Two limitations that beset machine learning up to that prior point have undergone a significant reexamination as a result. Firstly, previous ML models were task-specific; a model trained on a given task was essentially useless when applied to a different, even highly related task. Secondly, the output of an ML model was usually restricted to be low-dimensional, compared to the input data. Deep learning started out in much the same vein. The input to the AlexNet model is a \(256 \times 256\) pixel color image, and each pixel can take on \(2^{24}\) possible colors. This means that the number of possible inputs is over \(10^{473479},\) an astounding number given that the number of atoms in the universe is commonly estimated to be about \(10^{80}.\) The model’s output, on the other hand, simply consists in one among 1000 object labels (such as ‘Persian cat’ or ‘volleyball’). This is a very low-dimensional output as compared to the dimensionality of the input. It is also highly specific to the particular dataset of images that was compiled for the purposes of the ImageNet competition. In subsequent years, deep learning research has shown that low-dimensional output and task specificity were in fact not fundamental limitations, as we outline below.
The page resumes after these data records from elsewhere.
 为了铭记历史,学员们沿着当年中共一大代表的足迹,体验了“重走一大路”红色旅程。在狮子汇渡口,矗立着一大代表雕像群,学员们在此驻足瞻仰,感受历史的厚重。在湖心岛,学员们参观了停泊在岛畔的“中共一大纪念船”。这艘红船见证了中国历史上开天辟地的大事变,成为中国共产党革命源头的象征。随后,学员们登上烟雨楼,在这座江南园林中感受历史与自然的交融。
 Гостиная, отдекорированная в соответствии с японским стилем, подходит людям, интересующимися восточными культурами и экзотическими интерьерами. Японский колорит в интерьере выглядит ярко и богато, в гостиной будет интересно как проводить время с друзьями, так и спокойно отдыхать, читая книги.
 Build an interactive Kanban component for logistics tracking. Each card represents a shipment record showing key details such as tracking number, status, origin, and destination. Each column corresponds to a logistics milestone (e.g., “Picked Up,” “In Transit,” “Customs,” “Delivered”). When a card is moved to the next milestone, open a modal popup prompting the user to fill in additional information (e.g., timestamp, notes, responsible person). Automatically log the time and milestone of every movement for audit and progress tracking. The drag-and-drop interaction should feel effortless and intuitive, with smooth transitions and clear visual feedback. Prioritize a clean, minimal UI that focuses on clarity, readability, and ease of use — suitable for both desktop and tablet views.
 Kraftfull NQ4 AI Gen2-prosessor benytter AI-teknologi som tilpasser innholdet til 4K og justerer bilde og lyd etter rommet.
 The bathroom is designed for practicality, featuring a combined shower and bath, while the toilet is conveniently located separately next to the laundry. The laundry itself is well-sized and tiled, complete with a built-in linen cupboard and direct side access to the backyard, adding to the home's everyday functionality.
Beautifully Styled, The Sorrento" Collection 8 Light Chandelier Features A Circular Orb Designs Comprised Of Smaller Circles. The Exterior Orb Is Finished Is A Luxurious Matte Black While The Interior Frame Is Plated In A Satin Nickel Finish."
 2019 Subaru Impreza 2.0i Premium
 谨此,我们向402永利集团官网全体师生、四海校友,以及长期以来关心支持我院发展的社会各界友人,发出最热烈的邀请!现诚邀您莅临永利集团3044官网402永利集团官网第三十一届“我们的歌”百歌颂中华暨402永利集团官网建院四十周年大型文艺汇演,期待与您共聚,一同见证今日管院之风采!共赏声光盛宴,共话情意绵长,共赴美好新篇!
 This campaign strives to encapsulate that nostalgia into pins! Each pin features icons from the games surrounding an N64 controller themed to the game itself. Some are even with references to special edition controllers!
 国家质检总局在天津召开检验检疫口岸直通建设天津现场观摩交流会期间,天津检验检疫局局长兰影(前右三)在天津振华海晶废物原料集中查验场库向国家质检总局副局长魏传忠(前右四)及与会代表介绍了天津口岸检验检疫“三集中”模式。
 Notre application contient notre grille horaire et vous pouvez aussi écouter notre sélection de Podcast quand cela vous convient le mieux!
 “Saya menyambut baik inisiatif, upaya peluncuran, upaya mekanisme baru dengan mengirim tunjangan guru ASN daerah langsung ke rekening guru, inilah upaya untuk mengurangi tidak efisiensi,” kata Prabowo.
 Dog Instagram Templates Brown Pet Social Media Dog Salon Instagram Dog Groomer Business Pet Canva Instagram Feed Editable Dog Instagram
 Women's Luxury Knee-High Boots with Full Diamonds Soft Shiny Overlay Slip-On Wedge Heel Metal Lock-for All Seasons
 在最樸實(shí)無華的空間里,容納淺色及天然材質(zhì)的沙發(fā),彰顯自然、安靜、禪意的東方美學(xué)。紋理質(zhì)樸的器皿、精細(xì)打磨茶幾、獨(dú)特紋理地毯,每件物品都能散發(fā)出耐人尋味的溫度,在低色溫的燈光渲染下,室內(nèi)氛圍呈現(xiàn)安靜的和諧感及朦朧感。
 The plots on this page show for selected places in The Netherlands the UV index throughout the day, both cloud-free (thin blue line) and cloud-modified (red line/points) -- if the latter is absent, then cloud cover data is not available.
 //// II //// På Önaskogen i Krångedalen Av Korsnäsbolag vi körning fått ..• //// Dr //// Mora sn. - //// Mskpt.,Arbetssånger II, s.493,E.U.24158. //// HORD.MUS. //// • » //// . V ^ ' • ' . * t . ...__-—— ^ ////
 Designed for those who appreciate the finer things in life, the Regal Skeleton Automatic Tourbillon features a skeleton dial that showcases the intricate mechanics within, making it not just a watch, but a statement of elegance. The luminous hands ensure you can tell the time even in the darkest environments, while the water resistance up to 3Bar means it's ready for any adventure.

7.1 Transfer learning and fine-tuning
It came as a surprise that image classification models trained on one task could in fact be repurposed for another, similar task, with modest computational effort. For example, a model trained on the ILSVRC 2012 dataset can be adapted to distinguish between an image of an American football and an image of a papaya, neither of which is a category in the original training dataset. It turns out that the weights learned in the early layers of the model are quite general-purpose feature detectors, which can be used as building blocks to detect nearly any kind of object. Only the last layers need to be retrained to adjust to a new object category. This technique is known as transfer learning, and requires much less computation and data than training the original model did. In the case of AlexNet, millions of images were required to train the model, and each image was ‘looked at’ 90 times over the course of the training (this is referred to as 90 epochs). By contrast, adapting the model to two new categories may require a few hundred additional images and a few epochs. Once the last layers have been retrained, while keeping the early layers frozen, one can also unfreeze the whole network and train a bit longer with a low learning rate, in order to further improve the final accuracy. This process is known as fine-tuning.
The success of early deep learning was thus achieved in supervised learning (cf. Section 2.2), where each data point comes with a label - the image category in the case of ImageNet. A drawback of supervised data is that it is labor-intensive to compile. For each datapoint, a label needs to be supplied, either by human annotation, or by some automatic process which itself needs human verification. The ImageNet images were labeled by enlisting tens of thousands of paid workers via crowdsourcing platforms [101], [102]. Because unlabeled data (in other words, simply data) is much more prevalent in the world than labeled data is, the ability to learn useful patterns from unlabeled data would obviously constitute an enormous advantage.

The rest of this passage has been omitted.